Cruz, J. A. & Westhof, E. The dynamic landscapes of RNA structure. Cell 136, 604–609 (2009).
Google Scholar
Vicens, Q. & Kieft, J. S. Ideas on learn how to assume (and discuss) about RNA construction. Proc. Natl Acad. Sci. USA 119, e2112677119 (2022).
Google Scholar
Ganser, L. R., Kelly, M. L., Herschlag, D. & Al-Hashimi, H. M. The roles of structural dynamics within the mobile capabilities of RNAs. Nat. Rev. Mol. Cell Biol. 20, 474–489 (2019).
Google Scholar
Li, T. et al. All-atom RNA construction dedication from cryo-EM maps. Nat. Biotechnol. 43, 97–105 (2025).
Google Scholar
Li, T., Cao, H., He, J. & Huang, S.-Y. Automated detection and de novo construction modeling of nucleic acids from cryo-EM maps. Nat. Commun. 15, 9367 (2024).
Google Scholar
Jamali, Okay. et al. Automated mannequin constructing and protein identification in cryo-EM maps. Nature 628, 450–457 (2024).
Google Scholar
Su, B., Huang, Okay., Peng, Z., Amunts, A. & Yang, J. CryoAtom improves mannequin constructing for cryo-EM. Nat. Struct. Mol. Biol. (2025).
Google Scholar
Gao, S.-H. et al. Res2Net: a brand new multi-scale spine structure. IEEE Trans. Sample Anal. Mach. Intell. 43, 652–662 (2021).
Google Scholar
Jumper, J. et al. Extremely correct protein construction prediction with AlphaFold. Nature 596, 583–589 (2021).
Google Scholar
Shi, Y. et al. Masked label prediction: unified message passing mannequin for semi-supervised classification. In Proc. Thirtieth Worldwide Joint Convention on Synthetic Intelligence, IJCAI-21 (ed. Zhou, Z.-H.) 1548–1554 (Worldwide Joint Conferences on Synthetic Intelligence Group, 2021).
Vaswani, A. et al. Consideration is all you want. Adv. Neural Inf. Course of. Syst. 30, 5998–6008 (2017).
Li, W. & Godzik, A. CD-HIT: a quick program for clustering and evaluating massive units of protein or nucleotide sequences. Bioinformatics 22, 1658–1659 (2006).
Google Scholar
Sloma, M. F. & Mathews, D. H. Precise calculation of loop formation likelihood identifies folding motifs in RNA secondary buildings. RNA 22, 1808–1818 (2016).
Google Scholar
Lu, X.-J., Bussemaker, H. J. & Olson, W. Okay. DSSR: an built-in software program software for dissecting the spatial construction of RNA. Nucleic Acids Res. 43, e142 (2015).

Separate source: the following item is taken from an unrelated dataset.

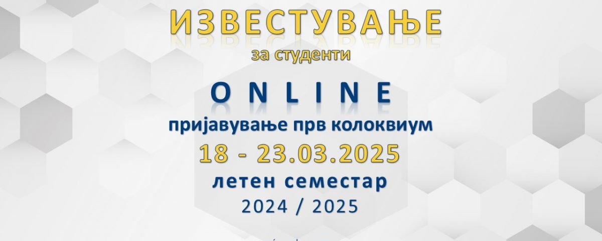 Пријавувањето на првиот колоквиум во летниот семестар од академската 2024/25 година ќе се врши on-line во периодот од 18.03 до 23.03.2025 година.

Du, Z., Peng, Z. & Yang, J. RNA threading with secondary construction and sequence profile. Bioinformatics 40, btae080 (2024).
Google Scholar
Sweeney, B. A. et al. R2DT is a framework for predicting and visualising RNA secondary construction utilizing templates. Nat. Commun. 12, 3494 (2021).
Google Scholar
Liu, X. et al. High quality evaluation of RNA 3D construction fashions utilizing deep studying and intermediate 2D maps. Commun. Biol. 9, 293 (2026).
Google Scholar
Kerpedjiev, P., Hammer, S. & Hofacker, I. L. Forna (force-directed RNA): easy and efficient on-line RNA secondary construction diagrams. Bioinformatics 31, 3377–3379 (2015).
Google Scholar
Zhang, Y. & Skolnick, J. Scoring operate for automated evaluation of protein construction template high quality. Proteins Struct. Funct. Bioinform. 57, 702–710 (2004).
Google Scholar
Gong, S., Zhang, C. & Zhang, Y. RNA-align: fast and correct alignment of RNA 3D buildings primarily based on size-independent TM-scoreRNA. Bioinformatics 35, 4459–4461 (2019).
Google Scholar
Mariani, V., Biasini, M., Barbato, A. & Schwede, T. lDDT: an area superposition-free rating for evaluating protein buildings and fashions utilizing distance distinction checks. Bioinformatics 29, 2722–2728 (2013).
Google Scholar
Parisien, M., Cruz, J. A., Westhof, É & Main, F. New metrics for evaluating and assessing discrepancies between RNA 3D buildings and fashions. RNA 15, 1875–1885 (2009).
Google Scholar
Bu, F. et al. RNA-Puzzles spherical V: blind predictions of 23 RNA buildings. Nat. Strategies 22, 399–411 (2025).
Google Scholar
Wang, W., Peng, Z. & Yang, J. Supply code for trRosettaRNA2. Zenodo (2026).